Now that I was forced to cross the DABBA, I  furiously searched for company but my efforts went in vain, so I pretended that I was ill and started walking out on the road that was swarmed by juniors who were in the same state as mine. Without looking either ways and my head pointing the road I started my journey into the wild. I was internally chanting prayers to all the Gods that ever existed just to finish off with these nerve shattering moments. Just then something hit me hard on my back, my heart sank into delusions as to what could it be and when I was about to turn I was hit by a tiny stone again and i was being called by a junior(It was the ID TAG that made me believe that he was of my genre), seeing whom I was relieved to the core. He was my classmate Riddick (name changed for privacy issues). I was delighted upon seeing him, so much delighted infact that I started hugging him. People around me were perplexed at my behavior and started giving me weird glances as to why I was doing all this shit filled sentimental overdose of Indian daily soap, but I was unaware of what was happening around me and was being happy for I found a company in that chaotic quest for crossing the DABBA.

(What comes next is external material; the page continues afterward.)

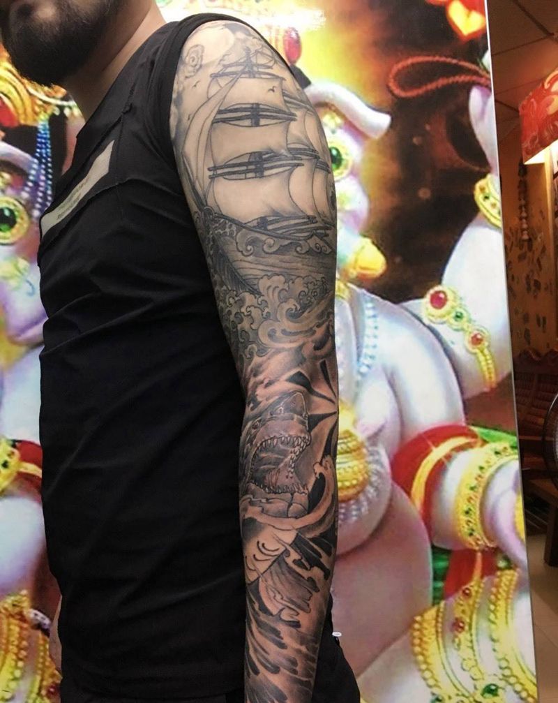 海上世界纹身图片_成品手臂纹身图案

Even before I could come out of my happiness of finding a companion to walk with, I was surrounded by 4 grizzly looking godforsaken hillbilly goliats. I could only imagine hyenas surrounding a torn carcass ready to rip it into pieces. They called themselves the EIE seniors. In my entire life of 20 years, I have never seen anyone so scornful, so dangerous whose eyes meant death, whose words spoke of the things that let alone me, no man would have ever heard of and their sole mission of that day was to find juniors and rag them until they could digest all the shit they ate at that dubious DABBA. I will never forget that incident in my entire lifetime.

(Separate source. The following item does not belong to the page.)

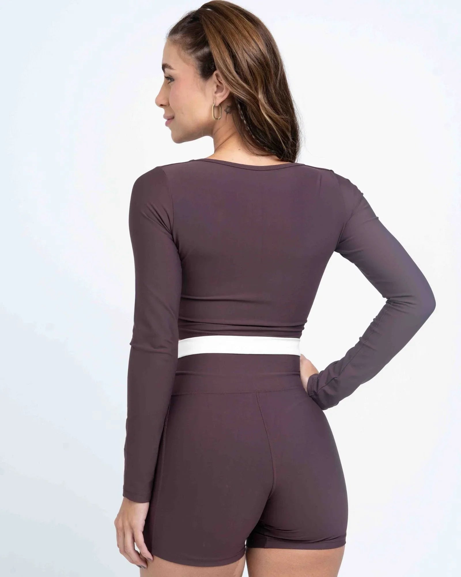 Short Classic Duo Marrom Ébano com Off White compressão sem empina bumbum

Now I had two options infront of me. One was to stand infront of them and get ragged Or start running so hard that I would have to break the bolt's record of the fastest athelete to escape from this embarrassing situation. Either way I was at a loss, as I was outnumbered and outpaced from every angle as they seemed to be well built and muscular. I didn't dare choose the second option as it would only make it more easier for them to rip me apart. So I stood there like a brave heart waiting for the incarceration.